Root-based index sort order
SK reported an issue with the sort order of entries in the root-based index. I dug into it, and discovered: The main Moses-to-English entries appear to be sorted in the correct order. First a sort key is created like this:
<xsl:variable name="sortKey" select="if (descendant::orth) then normalize-space(descendant::orth[1]) else normalize-space(string-join(for $s in descendant::pron[seg[@type='p']]/descendant::seg[@type='p'] return hcmc:createOrth($s), ''))"/>
In other words, if there's an orth it uses the orth, and if not, it creates an orth from all the descendant phonemic prons.
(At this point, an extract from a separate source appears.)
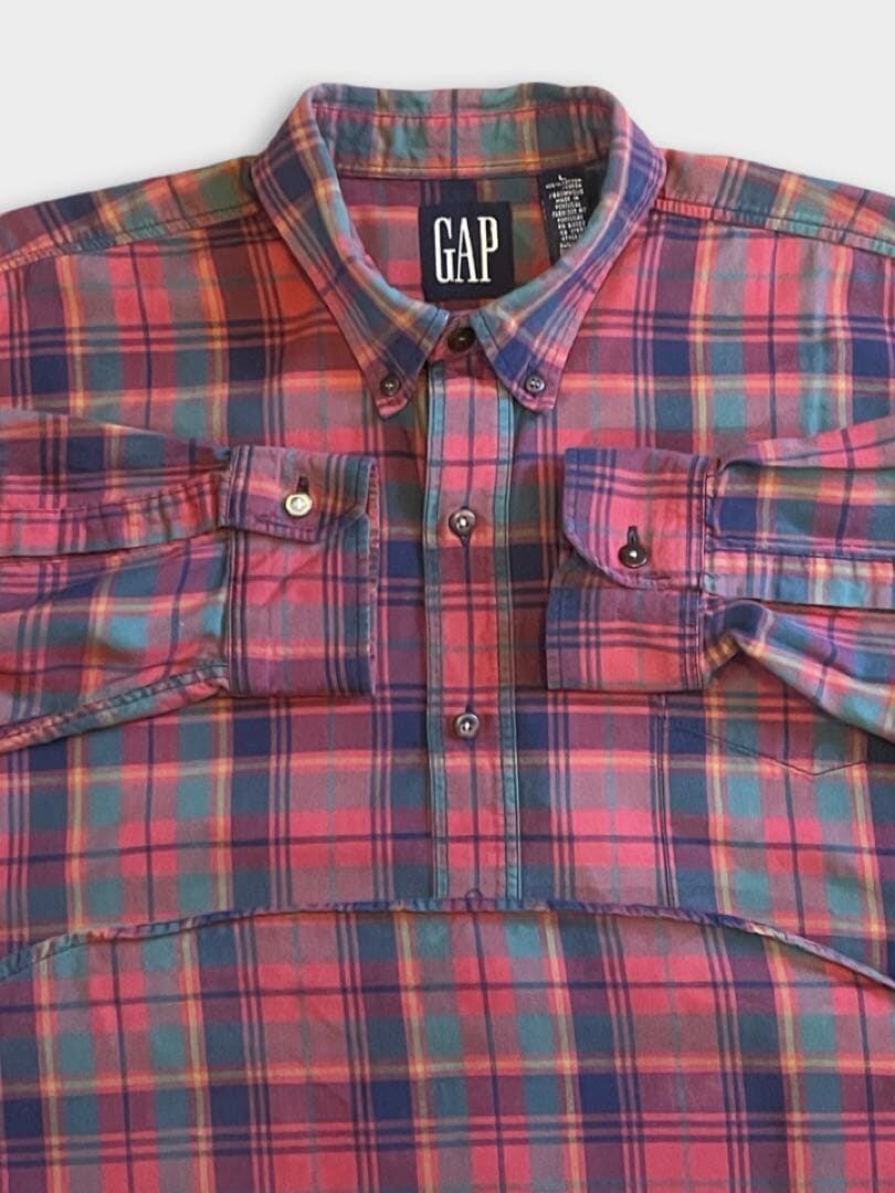 GAP(ギャップ)のボタンダウンチェックシャツです。

Then it sorts the entries using the orthographic collation:
<xsl:sort select="@sortKey" collation="http://saxon.sf.net/collation?class=ca.uvic.hcmc.moses.MosesOrthographyCollation"/>
When it comes to processing the root-based index, we were doing something slightly different:
<xsl:sort select="if (descendant::orth) then descendant::orth[1] else hcmc:createOrth(descendant::pron[seg[@type='p']][1]/descendant::seg[@type='p'][1])" collation="http://saxon.sf.net/collation?class=ca.uvic.hcmc.moses.MosesPhonemicCollation"/>
In other words, we were using the Phonemic collation. I can't remember when/where/why we have both phonemic and orthographic collations -- there must have been a reason -- but I've now switched the root-based index sort so that it uses the orthographic one. That appears to fix the problem, but SK will check for any unwanted fallout.